The Daily Gamecock

Opinion: Diverse online friendships don't reduce prejudice

Conventional wisdom says it is good to spend time with people different from you. The rationale is if you spend more time with someone (or a group of people), you will grow to understand them better and be less likely to retain stereotypes about them. 

This isn’t just some hokey moral pulled from an after-school special; the research bears this out. The phenomenon is called the contact hypothesis.

Gordon Allport first proposed the ideas related to the contact hypothesis in his 1954 book The Nature of Prejudice. The original version of his hypothesis described how contact affected racial prejudices. For example, in his book, Allport cited a study of white residents in a segregated housing unit and an integrated housing unit. The study found that, while both groups started with roughly the same prejudices before move-in, the white residents who lived in the integrated housing unit were far more likely to see their African American neighbors as equals than were the residents in the segregated housing unit.

This hypothesis isn’t just restricted to race relations. In 2006, a meta-analysis by Thomas Pettigrew and Linda Tropp found the contact hypothesis had been applied to numerous kinds of in-group/out-group relationships with similar results: In each case, contact reduced prejudice.

From a cursory look at the data, it would make sense to transpose this framework onto social media — after all, what is social media if not a matrix of intertwined contacts? When you look at it that way, the conventional wisdom makes intuitive sense. And it makes sense why people might encourage you to make Facebook friends across the aisle; making those contacts should reduce your prejudice against the opposing party. 

Could that be the answer to rampant partisan hostility plaguing our country? Well, yes and no. 

The intersection of social media and Allport's contact hypothesis is more complicated than it might appear at first glance.

The hypothesis was devised to describe in-person relationships; however, relationships on social media function much differently. People online tend to act in ways markedly different from their in-person personas. Even people who are nice in real life are much more willing to engage in aggressive behavior and bullying online. Disagreements tend to get heavily exaggerated and arguments quickly get out of hand, which discourages good-faith discussion with people of different beliefs. This is because social media is like a fun-house mirror; it distorts reality. People treat others online as less than human because social media makes people appear as abstract non-humans. This is one factor that can complicate friendships across the aisle: You are liable to come away with a worse impression of someone than you had before you friended them.

While general volatility is the most obvious roadblock to successful contact online, it is not the most pervasive. There is a much more subtle flaw in social media friendships that tends to go overlooked: They aren’t real friendships. 

If you were to be honest, how many of your social media friends are truly your friends? How many have you spoken to in the last month, or last year? 

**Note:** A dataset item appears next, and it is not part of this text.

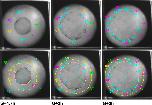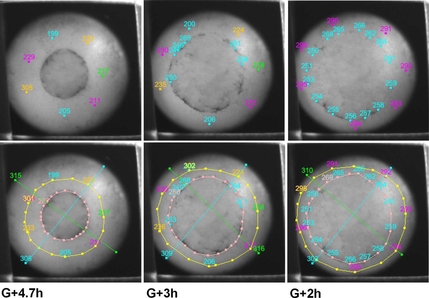 Figure 6—figure supplement 2. Examples of tracking of IMZ and blastopore area through the course of a time lapse movie using fiduciary points.Points initially laying at the blastopore lip at late time points (~G + 8 h) are tracked backward to early gastrula stages (top row, outer points). Once bottle cells apices are revealed, the vegetal edge of the bottle field is also tracked backwards (top row, inner circle of blue points). At each time point, the blastoporal area (or prospective blastoporal area, at earlier stages) is determined (area inside pink line), as is the area inside the upper boundary of the IMZ (yellow line – a bit below the actual limit of involution). Areas are determined based on the spherical area of the embryo occupied by each region (see Materials and methods). IMZ area is determined as the area inside the upper IMZ boundary minus the blastoporal area ( = area inside the lower IMZ boundary). Areas are normalized to starting area for each embryo. The embryo shown is a ventralized embryo. |

The contact hypothesis is only applicable to meaningful relationships. Most of your Facebook friends fall into a category Allport would call “casual contacts.” These are people you are around and observe but rarely speak to. These relationships won’t alleviate your prejudices. In fact, they will likely increase them and reinforce stereotypes in your mind

Sending a friend request to someone you disagree with isn’t a miracle cure for your internal biases. Ironically, you might have a higher opinion of people across the aisle if you connect with fewer of them online.

The conventional wisdom is true, if you spend time with someone different from you, you will become more understanding and less prejudiced. But this process can’t be put on autopilot or simulated; friending someone of a different political persuasion online is not the end of the story. Observing someone from afar — reading their posts on your news feed — is not the same as having a relationship with them. Relationships are a two-way street and require dialogue. 

The only way to understand someone is to talk with them directly. There is value in social media, but only as a supplement for real-life interactions, not a substitute. It’s tempting to pat yourself on the back for friending someone different from you, but don’t let curating an eclectic friend-list take the place of cultivating diverse, meaningful friendships.